The best way to improve your sleep is to make sure you are identifying the root cause of your sleep problems. Many factors can disrupt your standard sleep patterns, including stress, jet lag, hunger, lack of exercise, alcohol consumption, and medication use. Once you identify the source of disruption in your life, it’s easy to solve the issue. 

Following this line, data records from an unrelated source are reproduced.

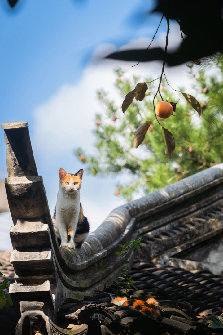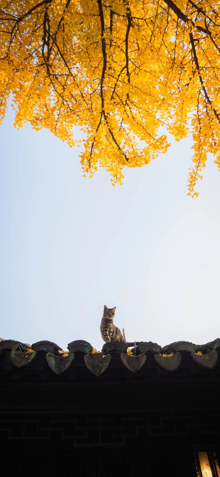 这个头碰头是有多用力呀。 园林里的这颗四百年的银杏总是每年最后黄透的,等它都落了苏州的秋天就正式结束了。而园林里的小猫喜欢在这颗银杏下的屋顶溜达巡视。尤其从高处俯瞰人的仰望不知道会是什么感觉。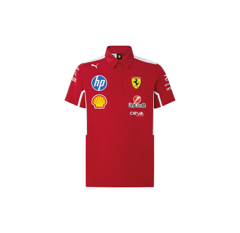 La polo della collezione Ferrari 2025, ispirata al capo ufficiale indossato dal team Scuderia Ferrari, celebra l'estetica del Campionato Ferrari di Formula 1.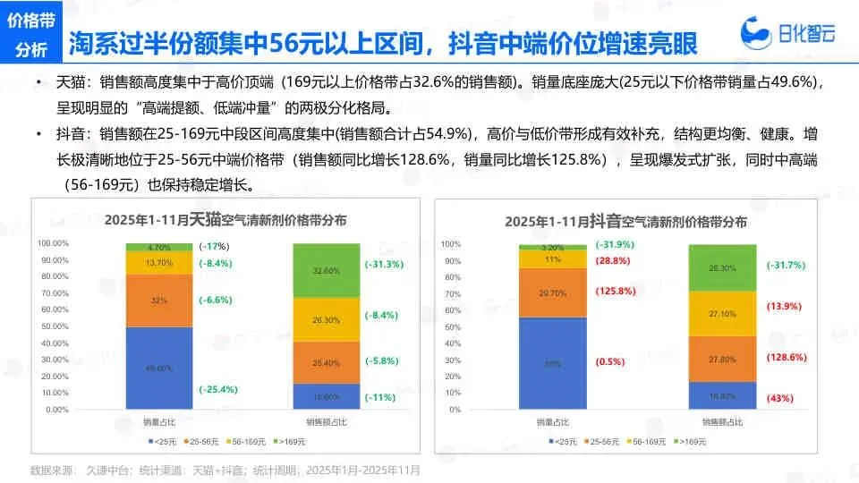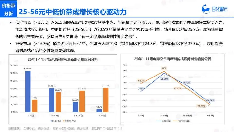 - 价格带机会: 25-56元的中低价带成为核心增长引擎,销量同比激增25.9%,反映了消费者对“有一定品质基础的性价比之选”的青睐。而高端市场(>169元)和纯低价市场(<25元)均出现下滑。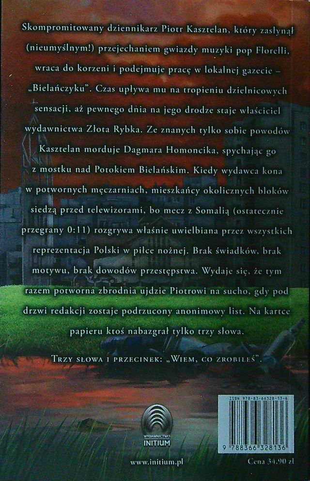 Akcja dotyczy głównie morderstwa, a dokładniej odkrycia, kto szantażuje Piotra Kasztelana. Okazuje się bowiem, że ktoś wie, czego dokonał dziennikarz. Mężczyzna nie tylko stara się jakoś poradzić z tym nieprzewidzianym problemem, lecz także jednocześnie pracuje w gazecie, udając, że nic się nie wydarzyło. Kasztelan rozmawia z ludźmi przy okazji różnych wydarzeń, odkrywa wtedy, że nikt nie znosił denata. Wychodzi na to, że Piotr przysłużył się społeczeństwu, jednak szantaż wskazuje na coś innego.

It’s essential to pay attention to your bedroom environment as well. Things that can influence a good night’s sleep include temperature, light,  and noise. Maintaining a comfortable temperature, eliminating glare after dinner, and keeping your bedroom as quiet as possible can help you avoid insomnia and sleep more soundly.

Conclusion

Chronic sleep deprivation affects millions of people across America. Sleep not only helps us recharge physically, but it works to regulate the release of cortisol, our stress hormone. Without enough sleep, you compromise your immune system. 

Lack of sleep leads to poor concentration, excessive daytime fatigue, weight gain, mood problems, high blood pressure, and diabetes. These are all significant health problems that you would not want to deal with in the future. In short, lack of sleep is not something to take lightly. 

It’s natural to have trouble sleeping. Nevertheless, if you are experiencing chronic insomnia and other sleep-related difficulties, use natural remedies like CBD sleep products or seek medical help. Sleep is vital for your health, and we all deserve a good night’s sleep. If you want to feel better, look better, and live longer, make sure you’re getting enough shuteye.